AGO, LOVEFAT, LISTLESS AND SINSICK: THE VULNERABILITY AND TOXICITY OF CHAUVINISM by ELIOT HUDSON

 

Eliot Hudson is an author and singer songwriter. He's earned two Masters Degrees (Creative Writing & Modern Literature) at the University of Edinburgh (Scotland) and has studied under Rick Moody. Hudson's latest short story Russian Dolls is included in Mystery Weekly Magazine's June 2019 Issue. His latest poems are featured in Gravitas (Volume 18.2), The Book Smuggler's Den and Castabout Art & Literature. Hudson has an upcoming short story in Cleaning up Glitter and Helen Literary Magazine will be publishing three poems and a short story of Hudson's this fall.



Ago, lovefat, listless and sinsick: The Vulnerability and Toxicity of Chauvinism

by Eliot Hudson

A kiss is speaking to someone but really close so you’re feeling the tongue tell words in a language unique to every person. 

Some people’s language is soft like kittens lapping up milk with little laps of their kitten tongue. Some are slobbery dog kisses and some think kissing is a competition. Some people kiss like shattered windshield glass, and others like timid children. Then there are those that kiss like gentle people who are secretly rapists—while others kiss like rapists who are secretly gentle people! Then there are the kisses like summer stick and sunburn, rash and lotions; and others like a bundled-up December.

And I can’t walk into that room anymore.

I can’t love again because my love’s in the room that I can’t walk into.

Kirsty had feet like a bog and hair like a spiderweb and I fought and resisted being consumed by the spider at the center of her web. She made me notice, people don’t go and smell flowers anymore. They’re more likely to go smell anti-stress soap that smells like flowers.
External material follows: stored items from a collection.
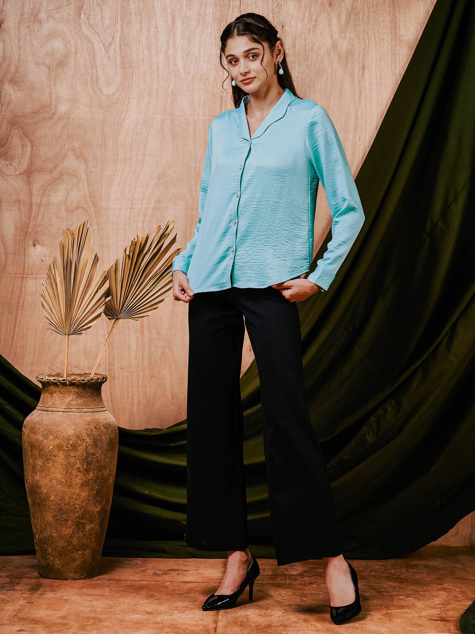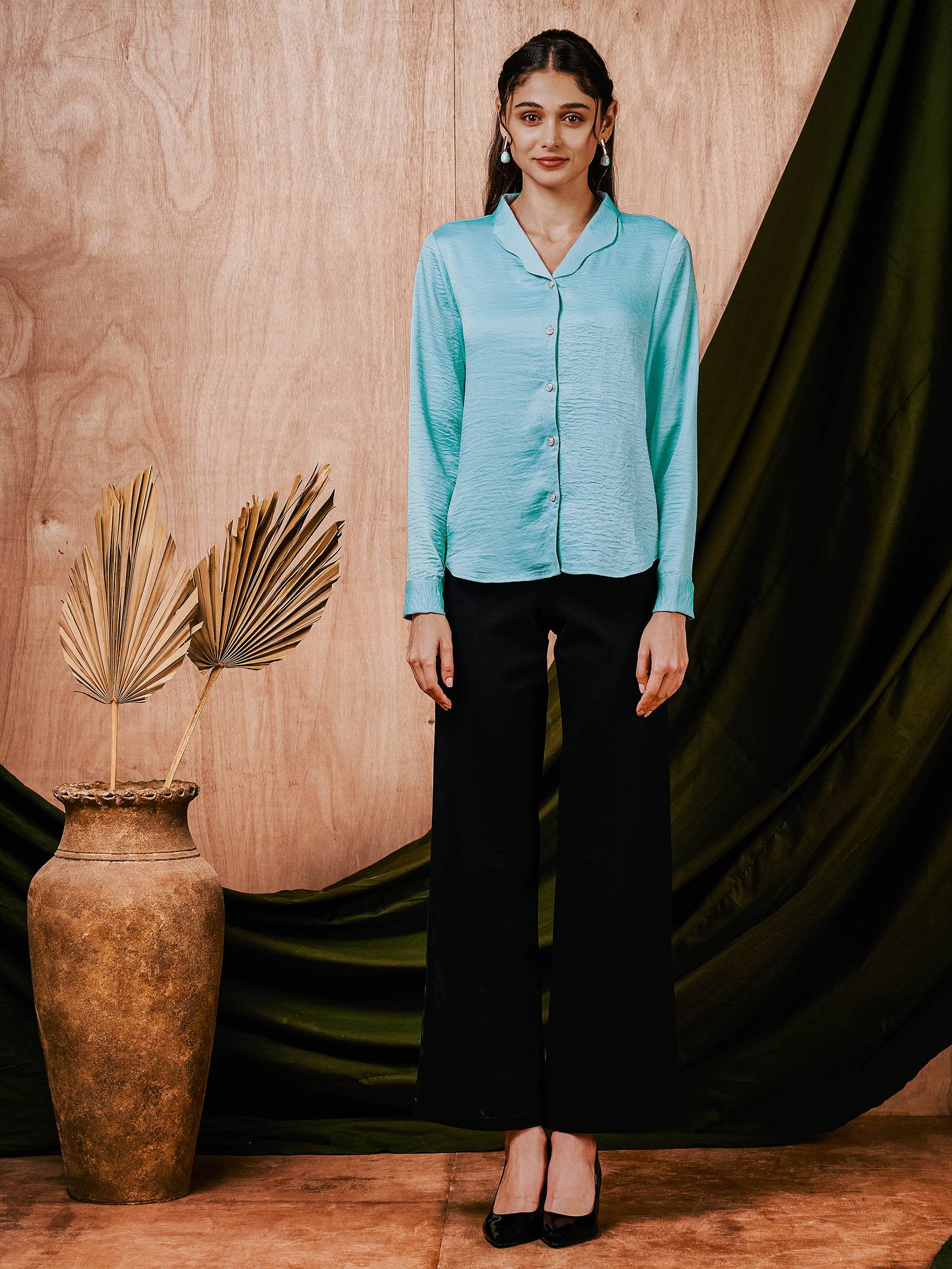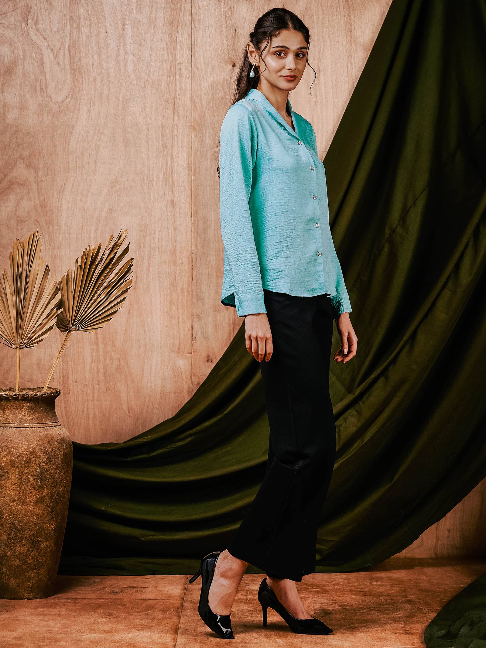 Solid Blue shirt featuring a stylized Cuban collar, regular cuff sleeves, a front opening for easy wear, and an apple cut hemline for a modern touch.
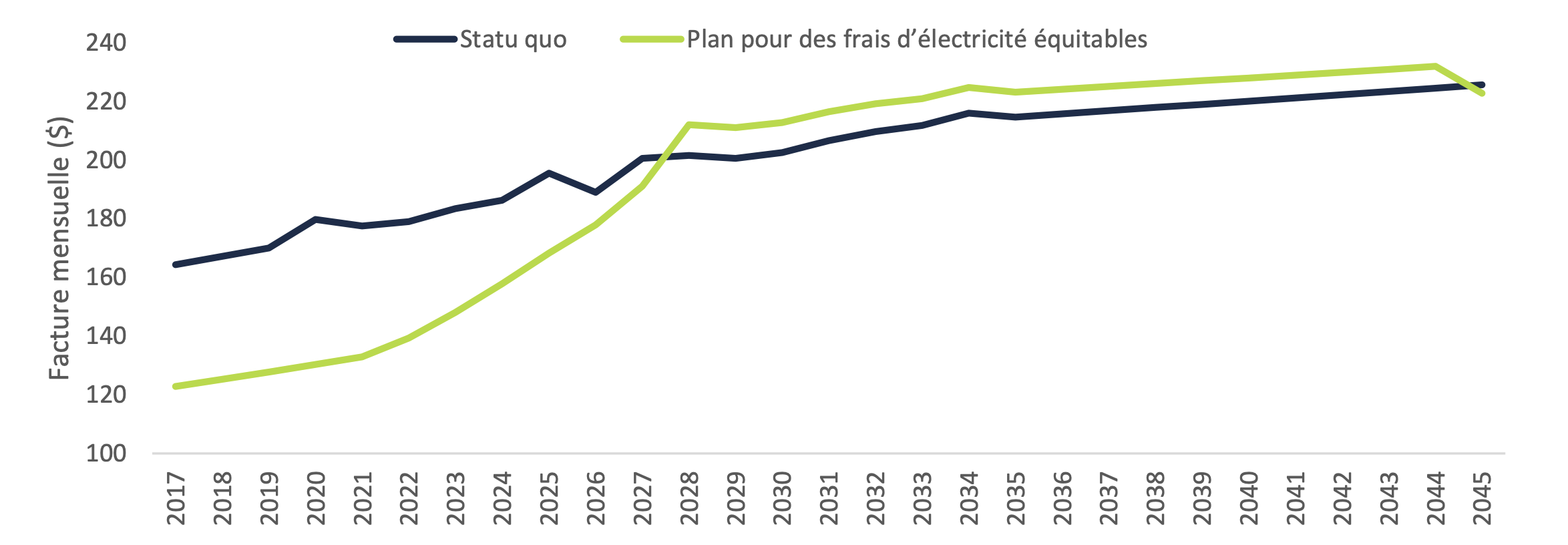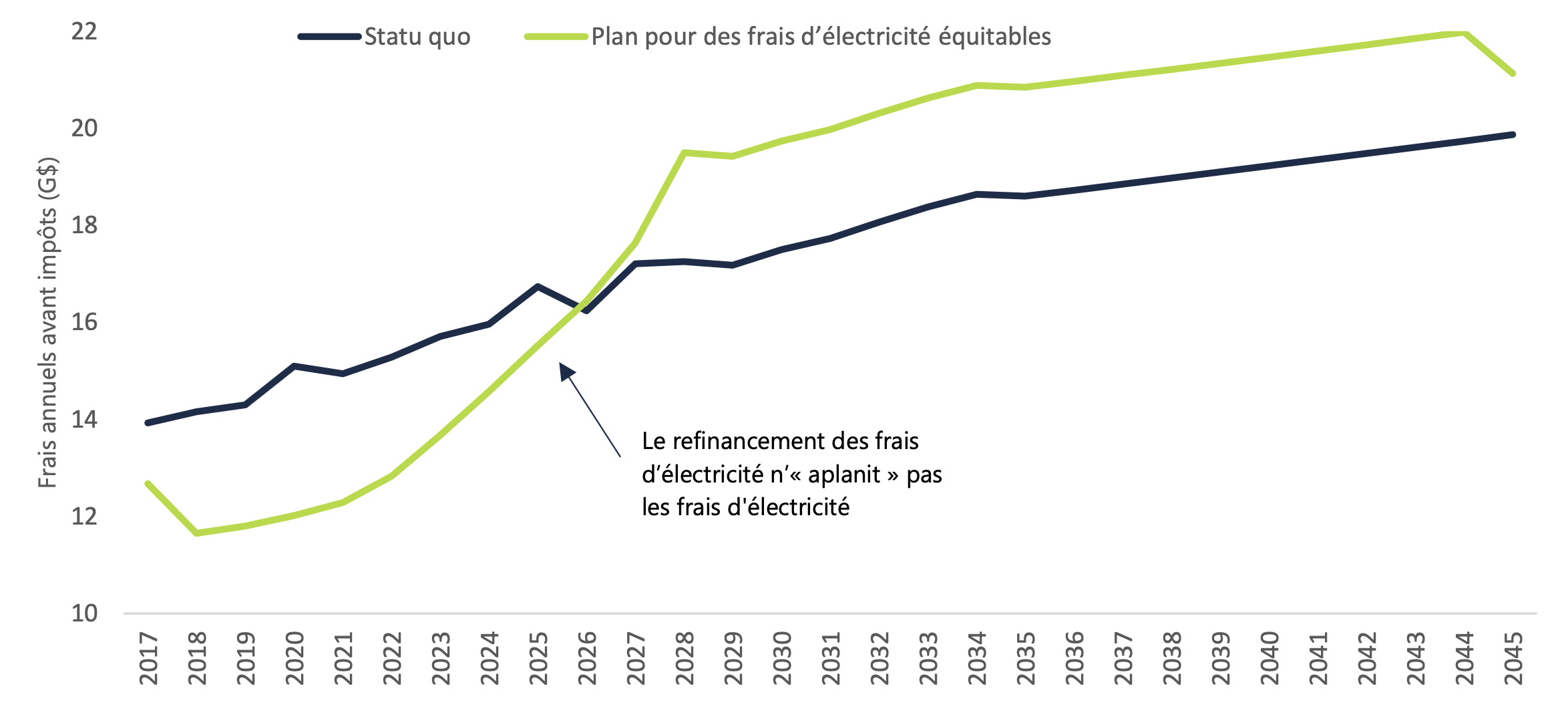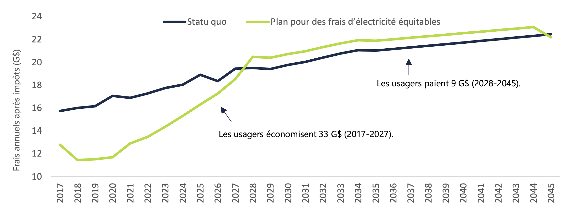 Bien que les consommateurs d’électricité admissibles devraient réaliser des économies qui totaliseront en tout 24 G$ selon les projections, celles-ci ne seront pas réparties uniformément dans le temps. De 2017 à 2027, les frais d’électricité s’annoncent plus bas sous l’effet du Plan pour des frais d’électricité équitables qu’en cas de maintien du statu quo (une économie totale de 33 G$), mais après 2027, ils deviendront à l’inverse plus élevés (coût total de 9 G$). Il en résulte des économies nettes de 24 G$ sur 29 ans.
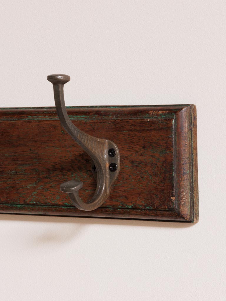 Avec ses trois crochets en métal patiné et robustes, ce porte-manteau allie style et fonctionnalité. Il offre un espace de rangement pratique pour suspendre manteaux, sacs ou accessoires. La structure en manguier, résistante et élégante, garantit une durabilité optimale tout en apportant une chaleur naturelle à votre décoration murale.
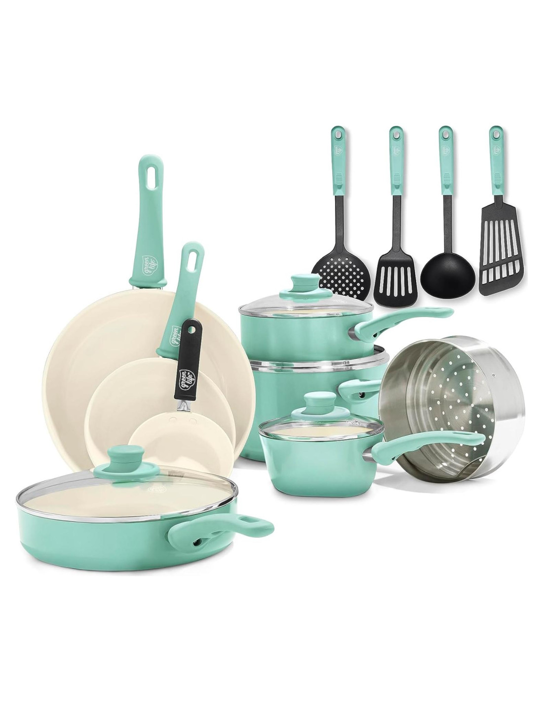 - Componentes incluidos: sartén mini de 4" (10,16 cm), sartenes de 7" (17,78 cm) y 9.5" (24,13 cm), cacerolas de 1 cuarto (0,95 litros) y 2 cuartos (1,89 litros) con tapas, olla de 5 cuartos (4,73 litros) con tapa, sartén de saltear de 2.5 cuartos (2,37 litros) con tapa, vaporera de acero inoxidable de 7" (17,78 cm) y 4 utensilios de cocina
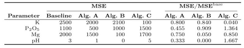 Then, Table 1 gathers the baseline MSE together with the MSE values obtained by the algorithms A – C, and divided by the baseline MSE. The baseline MSE reflects the performance of the algorithm that returns the average value of each soil parameter obtained for the training set – the implementation of this algorithm is included in the Jupyter starter pack for convenience.
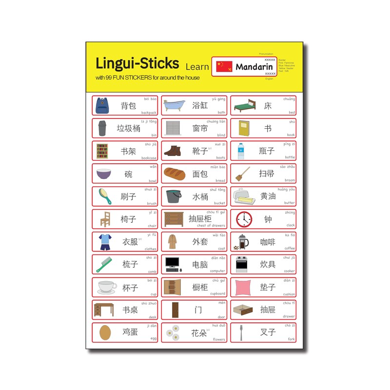 - Smart Concept: Each Chinese (Mandarin) language learning sticker includes a range of common daily-life Mandarin Chinese words, icons, and are coloured for great visibility. All our Learn Chinese Mandarin stickers are bilingual.
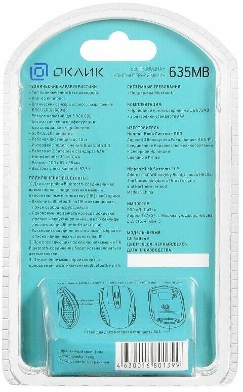 Мышь беспроводная OKLICK Мышь Оклик 635MB черный оптическая 1600dpi беспров. BT для ноутбука 6but (489349)

I haven’t showered today and it’s starting to stick in my grundle. Gooch. Nifkin. Many words for it. But that’s a place where it looks like they sewed two people together. The sexy part and the disgusting part. It was that location that made Plato believe all people were hermaphrodites and “love” was trying to find our separated-hermaphrodite-other-half. Science tells us that scar between the legs is where our genitals finally formed while we were developing in the womb. Personally, I think that scar is where two different people come together to make one person. Like you were tickling my two halves {my good and evil sides} with your fingertips and I liked it. 

I said keep going.

You said you’re concerned that your ass and thighs were becoming like your mother’s and I was concerned too because your mother’s ugly. 

But that’s not fair, you lost weight to fit into your bride’s dress and I gained weight because I’m depressed. And the only thing you ever really lost was your gerbil and you would cry for nights on end while my mother attempted suicide. But how is that your fault? And why does seeing a girl you once loved hold a baby in a Facebook photo makes me question if I’ll ever be really ready? It makes real for a moment what could have happened, as I notice the glint of the hospital light on your fingernails. How you’re still bleaching your hair and still have that wince of fear in your eyes, and for a brief and disgusting moment it makes me wonder what panties you have on? Have I seen them? Did I buy them for you or with you, or do you still wear them, saying this could have been yours, on Facebook?

Those pictures of you on the beach are sexy. I remember when we were on the beach and I never knew you looked so good in a black and white tank top against your sunburn. Uh! And Annalisa DM’d me. We never even had sex! Just worked with her. It’s unfair…I forgot how annoying your laugh was and how thin your legs were, which was sexy, but your calves were unshapely—at the time I liked chicken bones for ankles! But now I would take…You were almost in the cankle range. And how pointy your nipples were. I’d never seen any so pointy, they were teats as teats were meant to be. Not silver dollar nipples like Sarah’s. How Sarah could strip with pancake nipples, I don’t know, but good dimples and a fine figure even those nice dimples on her back…and I remember I slept with mirrored panels above my bed, some fell off and fragments of you hovered above me and I desired you like a weaning babe wants back its breast milk and there were moments when I was an infant again asking, this sensation comes from here? All these smells—flowers and perfumes—come up these two small holes? And that pleasure like the sea, that comes from there?

And now the only one I see above me in the mirror is my forsaken self.